- Abbreviation: MSA
- President: Lalsawta
- Chairman: C. Ngunlianchunga
- Founded: 17 June 2004 (revived- Aug 2023)
- Headquarters: Mizoram
- Alliance: INDIA
- Seats in Rajya Sabha: 0 / 1
- Seats in Lok Sabha: 0 / 1
- Seats in Mizoram Legislative Assembly: 1 / 40

= Mizoram Secular Alliance =

Mizoram Secular Alliance (MSA), formerly known as Mizoram Secular Force (MSF) is a political alliance in Mizoram. It was launched ahead of the 2004 Lok Sabha elections. MSA comprised Indian National Congress, Mizoram People's Conference and Zoram Nationalist Party.
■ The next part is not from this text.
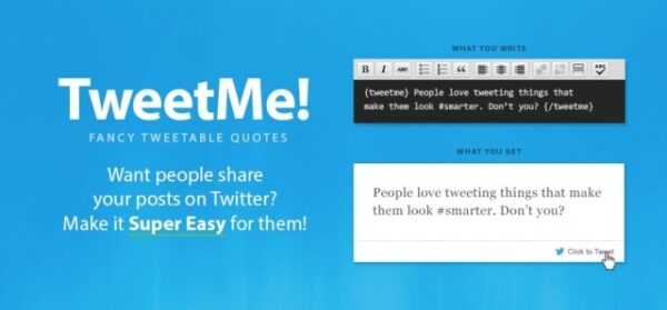 Satış Sayfası TweetMe Pro, blog okuyucularınız için kolayca tweetlenebilir süslü içerik ve alıntılar oluşturmanıza olanak tanır. Basit bir kısa kod kullanarak seçtiğiniz metin vurgulanır ve tek bir tıklamayla Twitter’da paylaşılabilecek şekilde tweetlenebilir hale getirilir! İnsanların sizi değil, içeriğinizi tweetlemesini sağlayın!
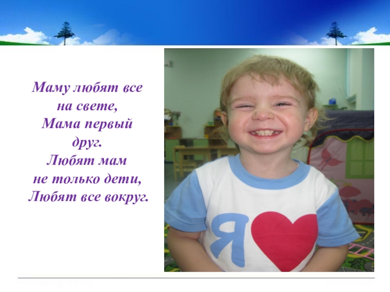 Маму любят все на свете, Мама первый друг.Любят мам не только дети,Любят все вокруг.

In the 2004 elections, MSF had a joint candidate for the sole Mizoram (Lok Sabha constituency), Laltluangliana Khiangte. Khiangte lost the seat with votes (45.67% of the votes in the state). Khiangte won in 9 out of 40 assembly constituencies making up the Lok Sabha constituency.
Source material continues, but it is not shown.